1. 19 3月, 2021 1 次提交
  2. 11 2月, 2021 1 次提交
    • V
      mm, slub: better heuristic for number of cpus when calculating slab order · 3286222f
      Vlastimil Babka 提交于
      When creating a new kmem cache, SLUB determines how large the slab pages
      will based on number of inputs, including the number of CPUs in the
      system.  Larger slab pages mean that more objects can be allocated/free
      from per-cpu slabs before accessing shared structures, but also
      potentially more memory can be wasted due to low slab usage and
      fragmentation.  The rough idea of using number of CPUs is that larger
      systems will be more likely to benefit from reduced contention, and also
      should have enough memory to spare.
      
      Number of CPUs used to be determined as nr_cpu_ids, which is number of
      possible cpus, but on some systems many will never be onlined, thus
      commit 045ab8c9 ("mm/slub: let number of online CPUs determine the
      slub page order") changed it to nr_online_cpus().  However, for kmem
      caches created early before CPUs are onlined, this may lead to
      permamently low slab page sizes.
      
      Vincent reports a regression [1] of hackbench on arm64 systems:
      
        "I'm facing significant performances regression on a large arm64
         server system (224 CPUs). Regressions is also present on small arm64
         system (8 CPUs) but in a far smaller order of magnitude
      
         On 224 CPUs system : 9 iterations of hackbench -l 16000 -g 16
         v5.11-rc4 : 9.135sec (+/- 0.45%)

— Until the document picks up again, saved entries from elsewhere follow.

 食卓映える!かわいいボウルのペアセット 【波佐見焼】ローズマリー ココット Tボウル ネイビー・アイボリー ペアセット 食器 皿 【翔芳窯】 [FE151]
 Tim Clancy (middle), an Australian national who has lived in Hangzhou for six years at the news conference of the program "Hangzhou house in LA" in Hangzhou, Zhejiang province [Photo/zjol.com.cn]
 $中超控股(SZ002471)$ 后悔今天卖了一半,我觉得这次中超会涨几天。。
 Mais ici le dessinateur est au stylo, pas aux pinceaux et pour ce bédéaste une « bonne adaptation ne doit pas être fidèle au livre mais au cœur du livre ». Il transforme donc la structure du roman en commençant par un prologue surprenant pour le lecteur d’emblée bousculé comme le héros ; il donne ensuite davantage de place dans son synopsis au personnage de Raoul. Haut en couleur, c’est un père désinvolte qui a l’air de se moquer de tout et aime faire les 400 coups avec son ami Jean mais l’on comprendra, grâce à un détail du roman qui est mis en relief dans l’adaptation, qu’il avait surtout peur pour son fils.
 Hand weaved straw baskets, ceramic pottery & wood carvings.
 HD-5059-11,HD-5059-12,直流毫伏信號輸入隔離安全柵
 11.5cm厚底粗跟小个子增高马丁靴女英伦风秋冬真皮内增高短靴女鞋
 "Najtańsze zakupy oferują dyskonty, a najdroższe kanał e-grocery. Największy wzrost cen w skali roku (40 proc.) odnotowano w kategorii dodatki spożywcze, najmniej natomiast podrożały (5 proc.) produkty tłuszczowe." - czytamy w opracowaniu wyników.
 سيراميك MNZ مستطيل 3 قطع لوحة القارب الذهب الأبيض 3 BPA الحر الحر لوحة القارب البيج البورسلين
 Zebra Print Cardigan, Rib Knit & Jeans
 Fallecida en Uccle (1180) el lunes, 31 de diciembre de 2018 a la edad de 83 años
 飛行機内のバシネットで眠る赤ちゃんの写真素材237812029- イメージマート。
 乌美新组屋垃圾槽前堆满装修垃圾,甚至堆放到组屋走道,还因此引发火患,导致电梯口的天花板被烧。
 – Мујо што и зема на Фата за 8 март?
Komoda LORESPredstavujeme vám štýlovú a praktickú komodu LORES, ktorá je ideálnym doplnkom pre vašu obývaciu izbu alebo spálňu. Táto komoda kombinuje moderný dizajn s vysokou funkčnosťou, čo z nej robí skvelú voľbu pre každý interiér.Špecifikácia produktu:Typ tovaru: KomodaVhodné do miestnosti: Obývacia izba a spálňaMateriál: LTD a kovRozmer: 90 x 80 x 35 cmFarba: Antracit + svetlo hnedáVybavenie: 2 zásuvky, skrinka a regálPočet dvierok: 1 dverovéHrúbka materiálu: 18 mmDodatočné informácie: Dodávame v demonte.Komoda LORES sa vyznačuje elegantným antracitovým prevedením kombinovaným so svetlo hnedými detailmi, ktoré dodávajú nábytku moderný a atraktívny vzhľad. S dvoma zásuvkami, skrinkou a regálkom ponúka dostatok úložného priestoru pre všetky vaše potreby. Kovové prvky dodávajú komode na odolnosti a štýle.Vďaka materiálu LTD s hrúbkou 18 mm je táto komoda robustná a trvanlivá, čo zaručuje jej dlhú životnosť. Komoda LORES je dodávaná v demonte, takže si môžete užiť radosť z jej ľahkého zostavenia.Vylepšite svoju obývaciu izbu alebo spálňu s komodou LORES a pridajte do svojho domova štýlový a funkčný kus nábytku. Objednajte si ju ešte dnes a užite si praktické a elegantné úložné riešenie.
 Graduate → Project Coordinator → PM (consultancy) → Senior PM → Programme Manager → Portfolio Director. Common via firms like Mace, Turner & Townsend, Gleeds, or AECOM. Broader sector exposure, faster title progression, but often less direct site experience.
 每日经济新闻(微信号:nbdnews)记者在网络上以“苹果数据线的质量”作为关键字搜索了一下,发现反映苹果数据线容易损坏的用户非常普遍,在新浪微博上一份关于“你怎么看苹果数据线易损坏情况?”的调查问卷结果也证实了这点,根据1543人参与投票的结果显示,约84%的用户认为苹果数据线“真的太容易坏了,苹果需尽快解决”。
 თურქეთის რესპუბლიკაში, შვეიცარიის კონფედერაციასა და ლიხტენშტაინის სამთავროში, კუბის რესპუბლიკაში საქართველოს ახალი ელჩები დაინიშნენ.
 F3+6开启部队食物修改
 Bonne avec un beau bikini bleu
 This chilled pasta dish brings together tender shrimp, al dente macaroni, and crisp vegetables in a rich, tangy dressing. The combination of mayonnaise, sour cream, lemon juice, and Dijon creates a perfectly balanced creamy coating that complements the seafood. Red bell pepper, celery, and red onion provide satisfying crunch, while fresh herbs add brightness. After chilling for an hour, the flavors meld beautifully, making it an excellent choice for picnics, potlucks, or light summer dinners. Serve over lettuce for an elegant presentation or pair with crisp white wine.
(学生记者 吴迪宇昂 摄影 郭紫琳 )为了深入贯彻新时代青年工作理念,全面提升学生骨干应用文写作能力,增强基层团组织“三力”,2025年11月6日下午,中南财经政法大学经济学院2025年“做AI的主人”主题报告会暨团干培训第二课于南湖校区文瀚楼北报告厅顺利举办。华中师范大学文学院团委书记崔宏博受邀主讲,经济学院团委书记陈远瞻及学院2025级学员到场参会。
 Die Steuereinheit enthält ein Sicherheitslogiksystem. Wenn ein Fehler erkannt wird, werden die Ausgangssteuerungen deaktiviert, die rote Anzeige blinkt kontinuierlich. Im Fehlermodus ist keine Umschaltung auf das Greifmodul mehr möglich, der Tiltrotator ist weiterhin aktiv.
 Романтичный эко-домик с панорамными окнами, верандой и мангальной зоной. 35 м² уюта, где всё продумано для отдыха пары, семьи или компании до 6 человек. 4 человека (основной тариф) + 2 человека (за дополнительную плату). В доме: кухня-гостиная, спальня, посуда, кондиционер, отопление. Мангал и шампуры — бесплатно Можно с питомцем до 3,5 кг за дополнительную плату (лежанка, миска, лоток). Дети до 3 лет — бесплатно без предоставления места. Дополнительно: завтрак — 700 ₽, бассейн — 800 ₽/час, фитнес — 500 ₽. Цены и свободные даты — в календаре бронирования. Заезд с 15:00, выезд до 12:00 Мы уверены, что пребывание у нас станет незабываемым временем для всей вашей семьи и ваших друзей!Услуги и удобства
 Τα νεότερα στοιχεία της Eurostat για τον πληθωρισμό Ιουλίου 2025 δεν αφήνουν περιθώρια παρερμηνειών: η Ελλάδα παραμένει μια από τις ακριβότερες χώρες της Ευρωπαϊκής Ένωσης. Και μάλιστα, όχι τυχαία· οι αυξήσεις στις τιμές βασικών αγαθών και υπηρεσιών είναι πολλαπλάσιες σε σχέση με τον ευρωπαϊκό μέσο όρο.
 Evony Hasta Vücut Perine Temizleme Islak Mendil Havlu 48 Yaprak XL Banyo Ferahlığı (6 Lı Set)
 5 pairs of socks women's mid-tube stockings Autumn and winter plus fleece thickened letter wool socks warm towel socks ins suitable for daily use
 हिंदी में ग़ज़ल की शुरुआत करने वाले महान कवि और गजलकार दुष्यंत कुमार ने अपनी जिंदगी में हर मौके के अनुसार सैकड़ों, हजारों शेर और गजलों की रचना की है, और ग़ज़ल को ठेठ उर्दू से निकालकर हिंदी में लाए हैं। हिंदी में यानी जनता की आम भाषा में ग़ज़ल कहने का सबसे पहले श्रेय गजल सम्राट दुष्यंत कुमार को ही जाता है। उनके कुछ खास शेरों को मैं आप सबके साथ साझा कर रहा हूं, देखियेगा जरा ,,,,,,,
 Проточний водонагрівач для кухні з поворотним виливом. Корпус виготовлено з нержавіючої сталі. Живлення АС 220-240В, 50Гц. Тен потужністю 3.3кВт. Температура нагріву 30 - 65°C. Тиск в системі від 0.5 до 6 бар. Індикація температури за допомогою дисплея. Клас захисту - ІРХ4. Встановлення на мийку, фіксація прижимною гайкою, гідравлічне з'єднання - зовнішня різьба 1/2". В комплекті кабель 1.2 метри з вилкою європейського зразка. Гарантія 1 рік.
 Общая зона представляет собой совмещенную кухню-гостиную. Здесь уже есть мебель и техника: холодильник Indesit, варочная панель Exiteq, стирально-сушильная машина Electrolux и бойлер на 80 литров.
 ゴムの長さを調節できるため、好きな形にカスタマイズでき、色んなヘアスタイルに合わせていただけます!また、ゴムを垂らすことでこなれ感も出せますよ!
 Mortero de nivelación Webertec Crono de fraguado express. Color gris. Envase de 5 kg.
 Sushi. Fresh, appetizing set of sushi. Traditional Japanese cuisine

         v5.11-rc4 + revert this patch: 3.173sec (+/- 0.48%)
         v5.10: 3.136sec (+/- 0.40%)"
      
      Mel reports a regression [2] of hackbench on x86_64, with lockstat suggesting
      page allocator contention:
      
        "i.e. the patch incurs a 7% to 32% performance penalty. This bisected
         cleanly yesterday when I was looking for the regression and then
         found the thread.
      
         Numerous caches change size. For example, kmalloc-512 goes from
         order-0 (vanilla) to order-2 with the revert.
      
         So mostly this is down to the number of times SLUB calls into the
         page allocator which only caches order-0 pages on a per-cpu basis"
      
      Clearly num_online_cpus() doesn't work too early in bootup.  We could
      change the order dynamically in a memory hotplug callback, but runtime
      order changing for existing kmem caches has been already shown as
      dangerous, and removed in 32a6f409 ("mm, slub: remove runtime
      allocation order changes").
      
      It could be resurrected in a safe manner with some effort, but to fix
      the regression we need something simpler.
      
      We could use num_present_cpus() that should be the number of physically
      present CPUs even before they are onlined.  That would work for PowerPC
      [3], which triggered the original commit, but that still doesn't work on
      arm64 [4] as explained in [5].
      
      So this patch tries to determine the best available value without
      specific arch knowledge.
      
       - num_present_cpus() if the number is larger than 1, as that means the
         arch is likely setting it properly
      
       - nr_cpu_ids otherwise
      
      This should fix the reported regressions while also keeping the effect
      of 045ab8c9 for PowerPC systems.  It's possible there are
      configurations where num_present_cpus() is 1 during boot while
      nr_cpu_ids is at the same time bloated, so these (if they exist) would
      keep the large orders based on nr_cpu_ids as was before 045ab8c9.
      
      [1] https://lore.kernel.org/linux-mm/CAKfTPtA_JgMf_+zdFbcb_V9rM7JBWNPjAz9irgwFj7Rou=xzZg@mail.gmail.com/
      [2] https://lore.kernel.org/linux-mm/20210128134512.GF3592@techsingularity.net/
      [3] https://lore.kernel.org/linux-mm/20210123051607.GC2587010@in.ibm.com/
      [4] https://lore.kernel.org/linux-mm/CAKfTPtAjyVmS5VYvU6DBxg4-JEo5bdmWbngf-03YsY18cmWv_g@mail.gmail.com/
      [5] https://lore.kernel.org/linux-mm/20210126230305.GD30941@willie-the-truck/
      
      Link: https://lkml.kernel.org/r/20210208134108.22286-1-vbabka@suse.cz
      Fixes: 045ab8c9 ("mm/slub: let number of online CPUs determine the slub page order")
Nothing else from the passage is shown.